Ionotropic glutamate receptors (iGluRs) are ligand-gated nonselective cation channels that mediate fast excitatory neurotransmission. Although homologues of the iGluRs have been identified in higher plants, their roles are largely unknown. In this work we isolated a full-length cDNA clone (RsGluR) encoding a putative glutamate receptor from small radish. An RsGluR:mGFP fusion protein was localized to the plasma membrane. In Arabidopsis thaliana overexpressing the fulllength cDNA, glutamate treatment triggered greater $Ca^{2+}$ influx in the root cells of transgenic seedlings than in those of the wild type. Transgenic plants exhibited multiple morphological changes such as necrosis at their tips and the margins of developing leaves, dwarf stature with multiple secondary inflorescences, and retarded growth, as previously observed in transgenic Arabidopsis overexpressing AtGluR3.2 [Kim et al. (2001)]. Microarray analysis showed that jasmonic acid (JA)-responsive genes including defensins and JA-biosynthetic genes were up-regulated.
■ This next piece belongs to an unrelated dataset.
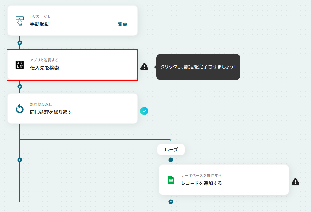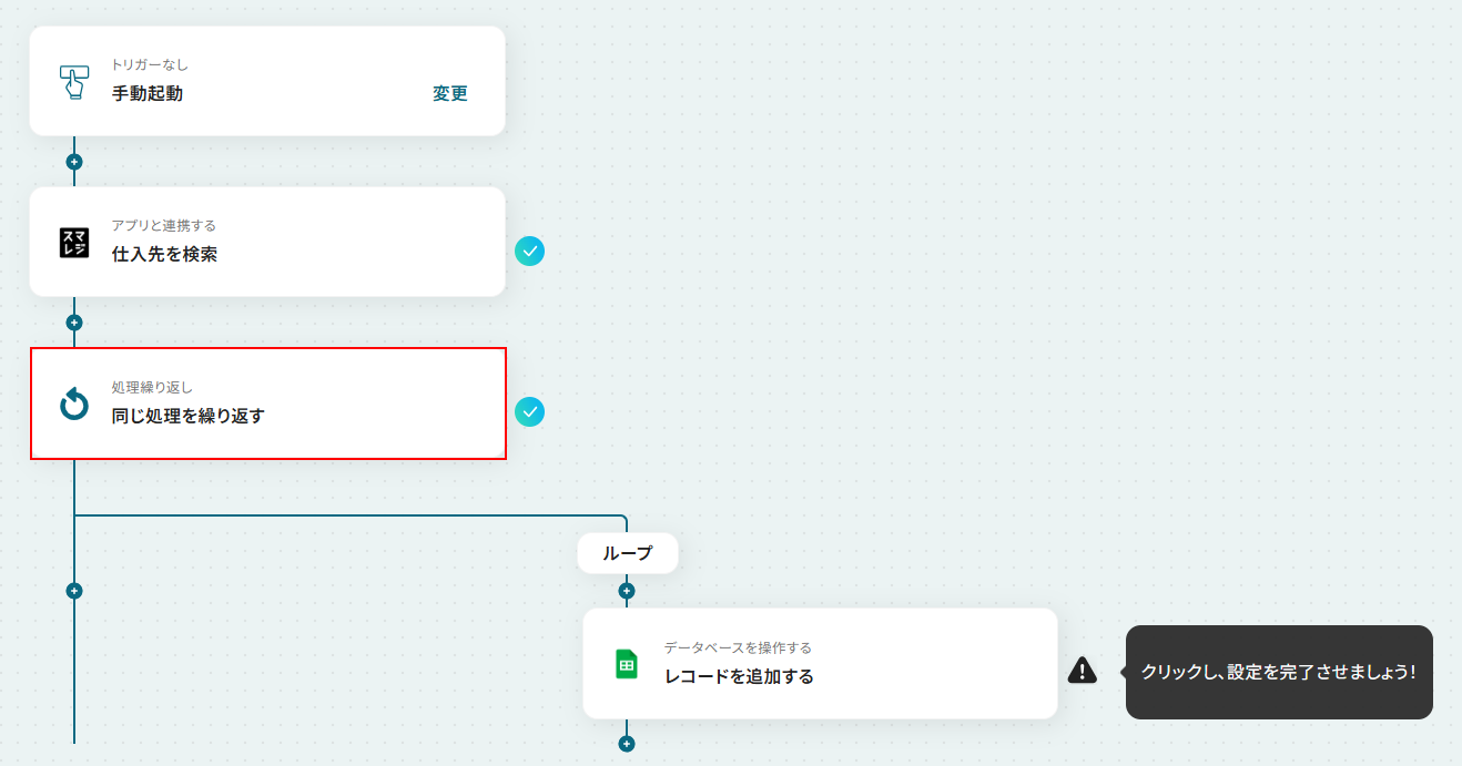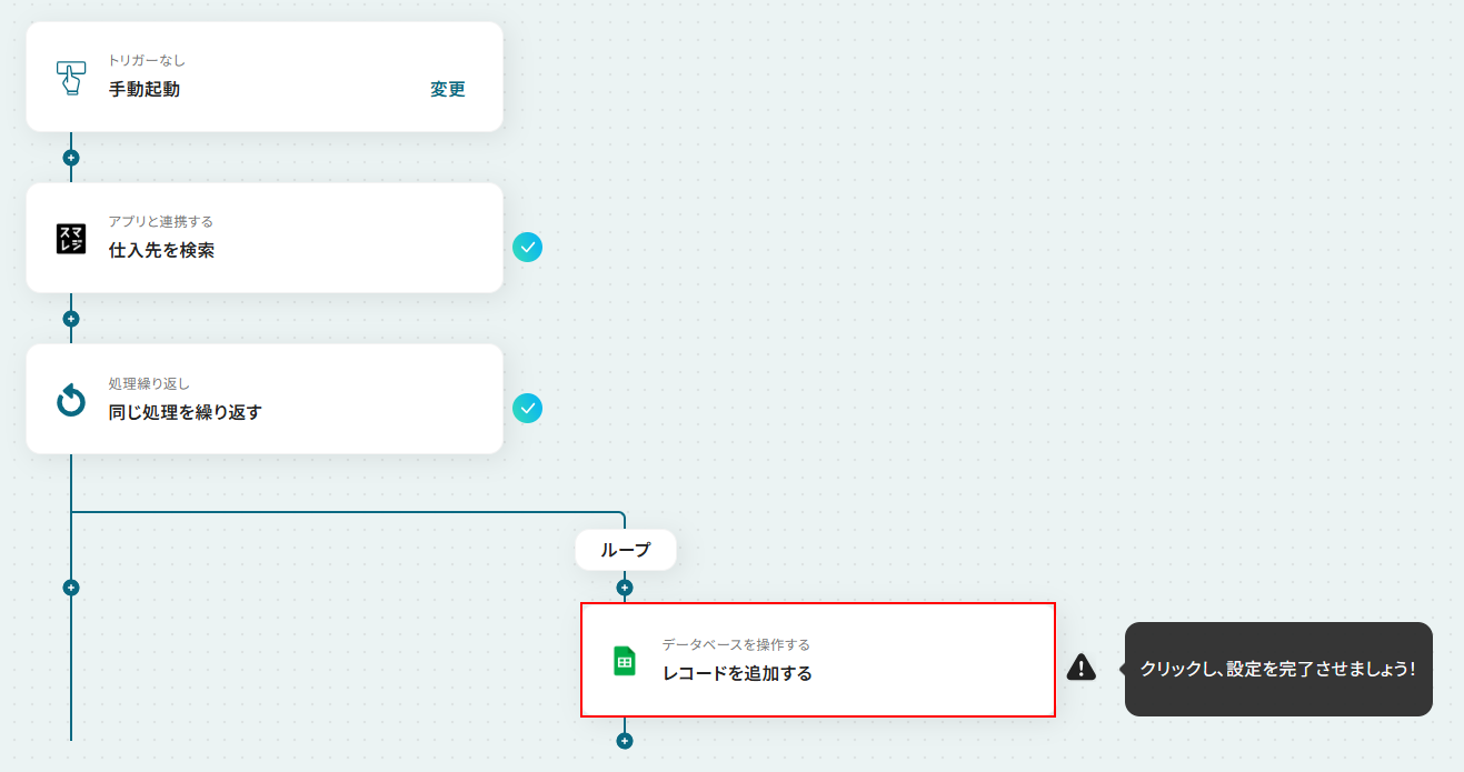 お疲れ様でした! 以上がスマレジの仕入先情報を検索し、Google スプレッドシートに自動で追加するフロー でした!

RsGluR overexpression also inhibited growth of a necrotic fungal pathogen Botrytis cinerea possibly due to up-regulation of the defensins. Based on these results, we suggest that RsGluR is a glutamate-gated $Ca^{2+}$ channel located in the plasma membrane of higher plants and plays a direct or indirect role in defense against pathogen infection by triggering JA biosynthesis.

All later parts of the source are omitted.